最近はリフォーム費用全体が高騰しているので、「買えば安い」だけで判断しないことが大切です。
内見の際に「トイレ・キッチン・お風呂がきれいか」を必ず確認することです。私は、キッチン・トイレ・お風呂がきれいなら築年数が40年近くても買います。
築年数は、あくまでも検索する際の目安であって、丁寧に使用されている物件は、築年数が経っていてもきれいなこともあります。
逆に言えば、築年数が浅くても、トイレ・キッチン・お風呂のリフォームが必要ならば見送ります。
基準⑤ 地方物件は「駐車場2台」と「外観」が決め手になる
最後の基準は、地方特有の話です。地方では車は生活必需品で、夫婦ともに1台ずつ所有しているケースがほとんどです。つまり、駐車場が2台分ある物件は、地方では強力な差別化になります。
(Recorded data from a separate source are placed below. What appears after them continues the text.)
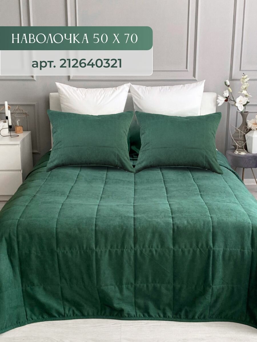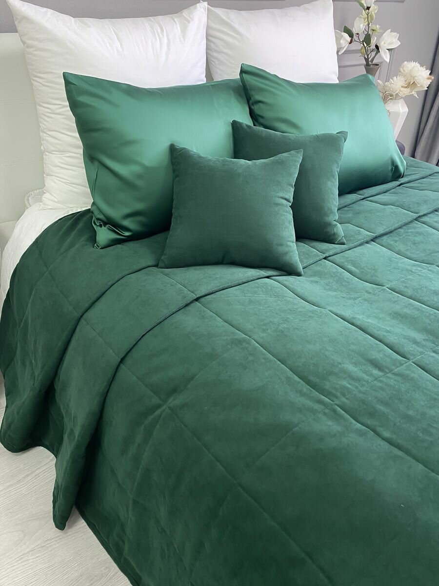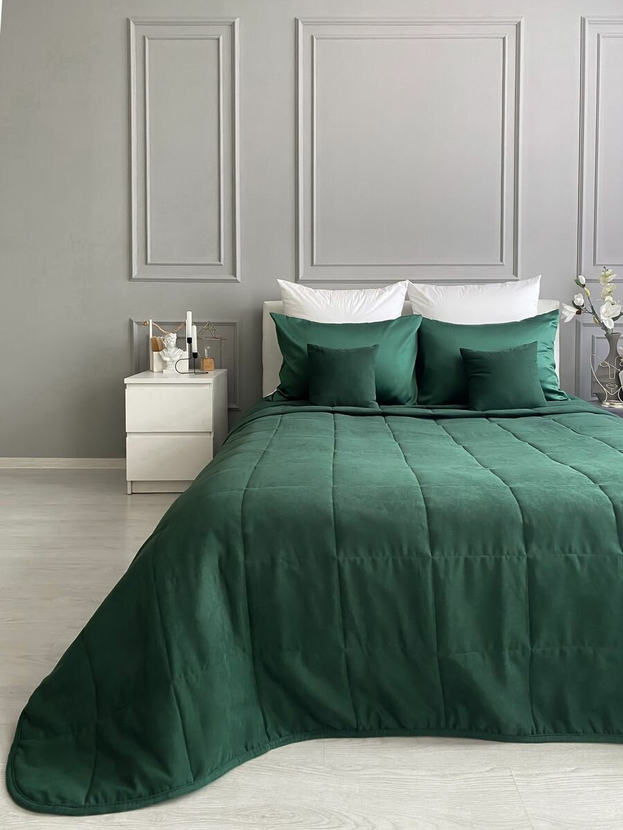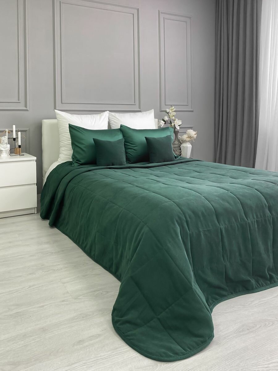 Покрывало на кровать стеганое 220х240 см канвас IRISHOME, изумрудное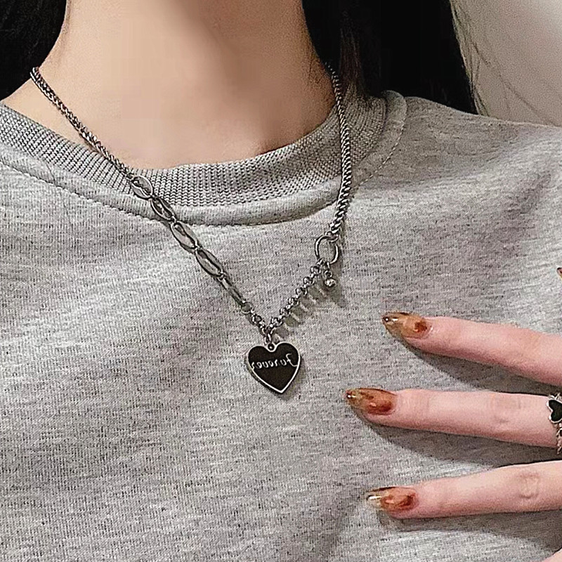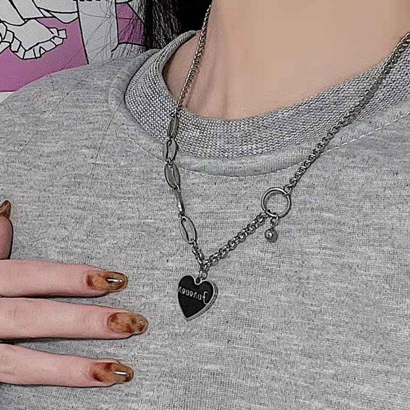925純銀黑色愛心項鏈鎖骨鏈女ins嘻哈小眾設計感毛衣鏈衛衣配飾潮
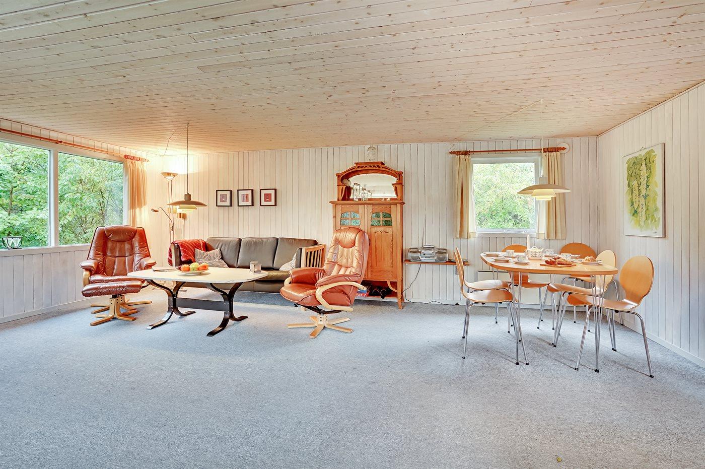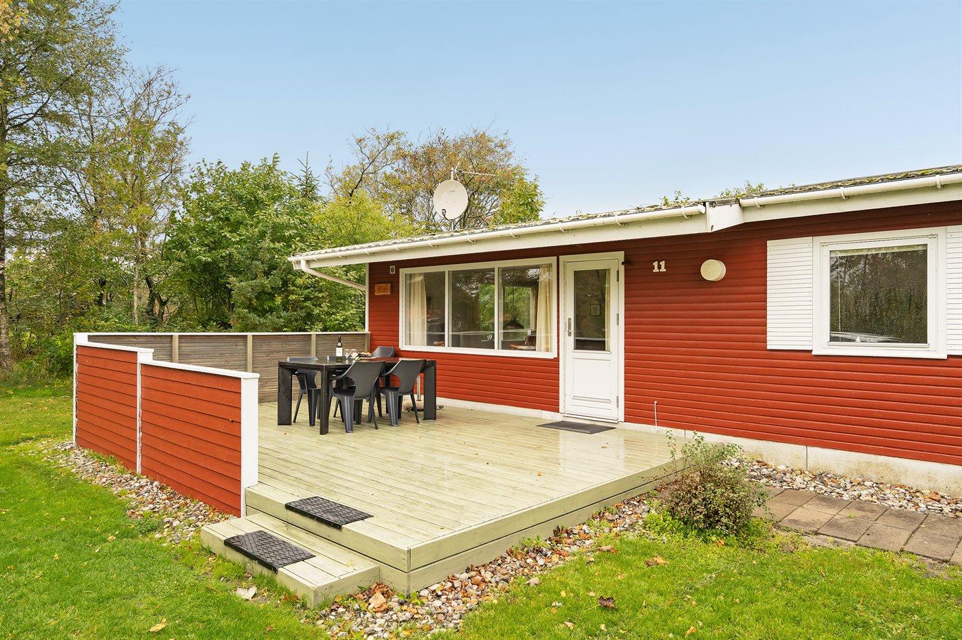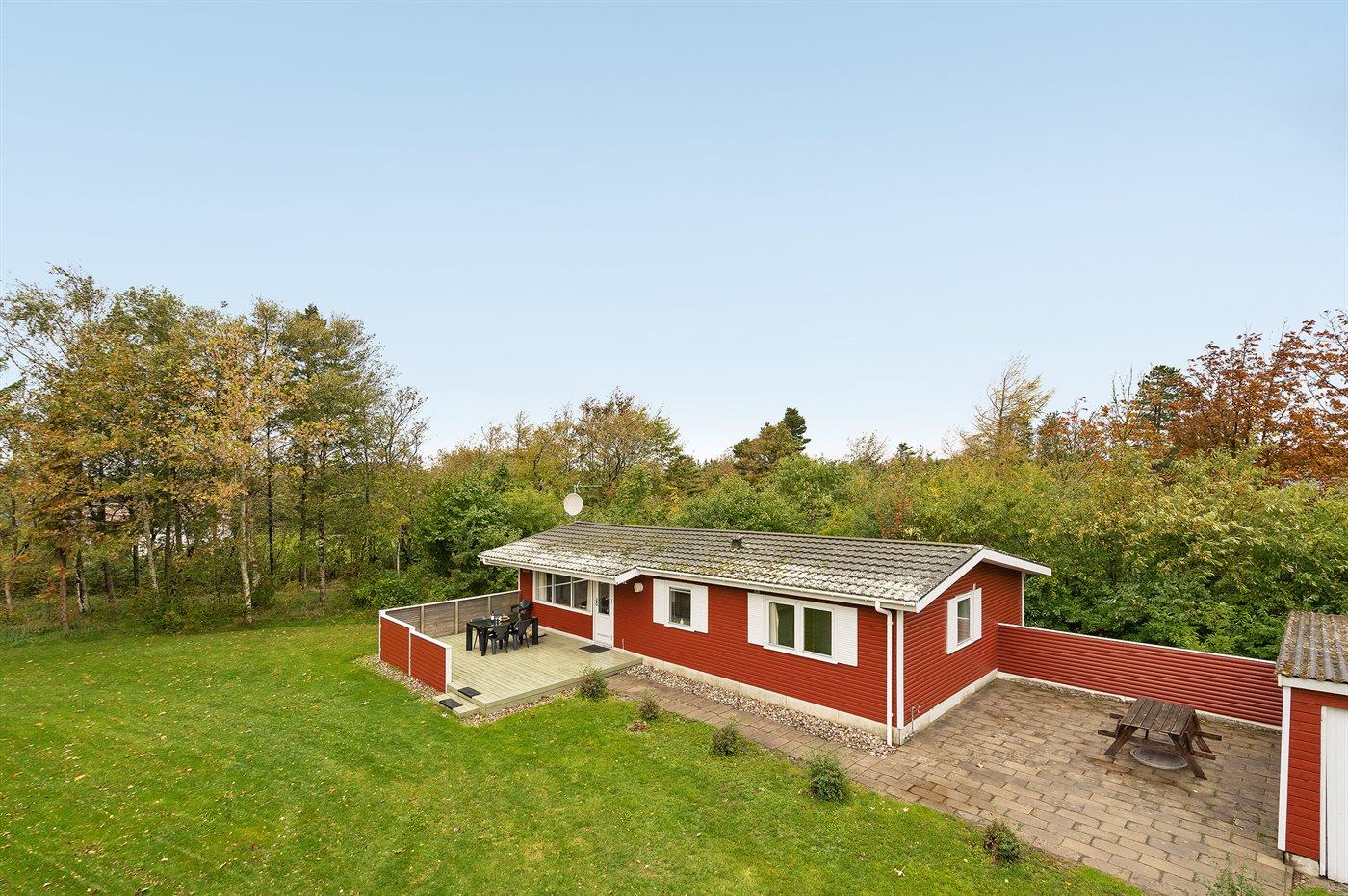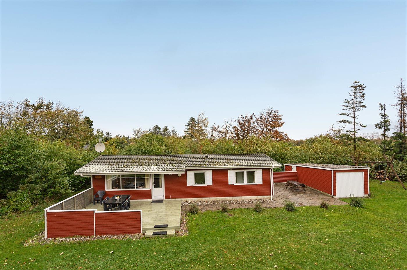 De vakantiewoning is gelegen op een 1550 m² groot natuural grond. Afstand tot de zee 13000 m. Afstand tot de fjord 450 m. Dichtstbijzijnde winkel 700 m. Bij de vakantiewoning hoort 30 m² terras. Gereedschapsruimte. Schommel. Zandbak. Parkeerplaats bij het huis.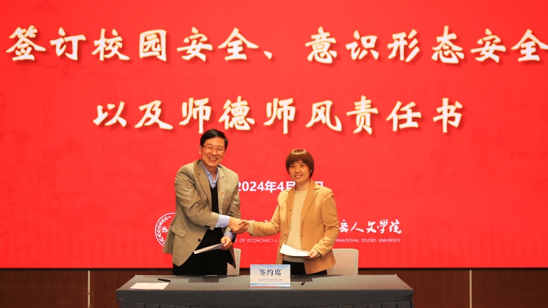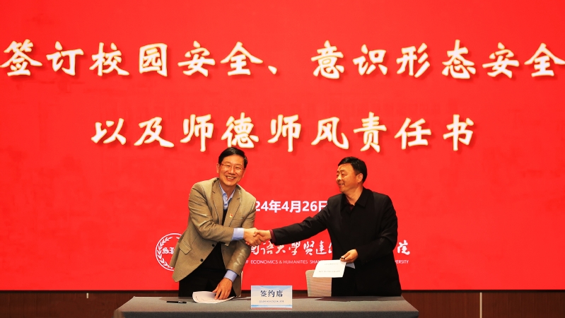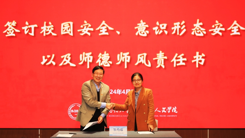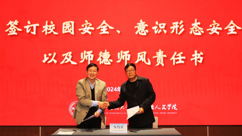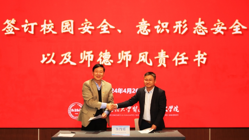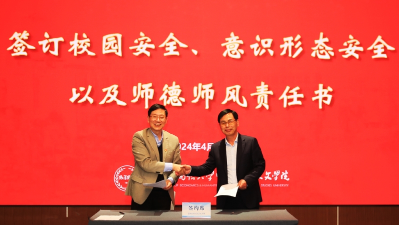 会上,郑方贤校长还与各院、中心、部、处代表签订了师德师风建设、意识形态和网络安全工作以及校园安全责任书。

私が実際に保有している物件でも、「駐車場2台あります」というだけで、他の条件が少し見劣りしても内見希望が来ます。逆に駐車場が1台しかない物件は、ファミリー層にとって「選択肢から外れる」理由になってしまいます。
そしてもう一つ、見落とされがちなのが外観・写真映えです。
今の入居者探しはSUUMOやアットホームの写真で第一印象が決まります。どれだけ内装がきれいでも、外観の写真が暗くてぼろっとして見えると、内見すら来てもらえません。
主観かもしれませんが、私の経験上、すぐに決まる物件は外観の写真がいいものばかりです。
物件を見に行くとき、私は必ず「この外観は写真に撮ったら魅力的に見えるか」を意識します。外観が古くても、花壇があったり、玄関まわりが整っていたりするだけで印象は大きく変わります。
まとめ:基準が決まれば、迷いがなくなる
最初は「どんな物件を選べばいいか分からない」という状態でしたが、基準が決まってからは物件探しが一気にスムーズになりました。
私が使っている5つの基準をまとめるとこうなります。
- 借り手のイメージを先に決める(誰が・いくらで住むか)
- SUUMOで家賃相場を調べ、中間より少し高めに設定する
- 利回り15%以上になる購入価格を逆算する
- 旧耐震NG・築40年未満・大型リフォーム不要を条件にする
- 地方は駐車場2台と外観の写真映えを重視する
もちろん、これが唯一の正解というわけではありません。でも「判断の軸」があるだけで、物件を見たときに「これは合格」「これは見送り」と即座に判断できるようになります。
迷っている時間も、エネルギーです。基準を決めて、動いていきましょう。
この記事を読んだあなたへ:次の一歩
まず、自分が投資したいエリアの賃貸相場をSUUMOで調べてみてください。
「3DK 〇〇市」で検索するだけでOKです。最安と最高を確認して、「自分ならいくらで貸せるか」をノートに書き出す。それだけで、物件探しの第一歩が始まります。
「良い物件」を探すより、「基準を決めてから探す」。この順番を変えるだけで、物件選びは変わります。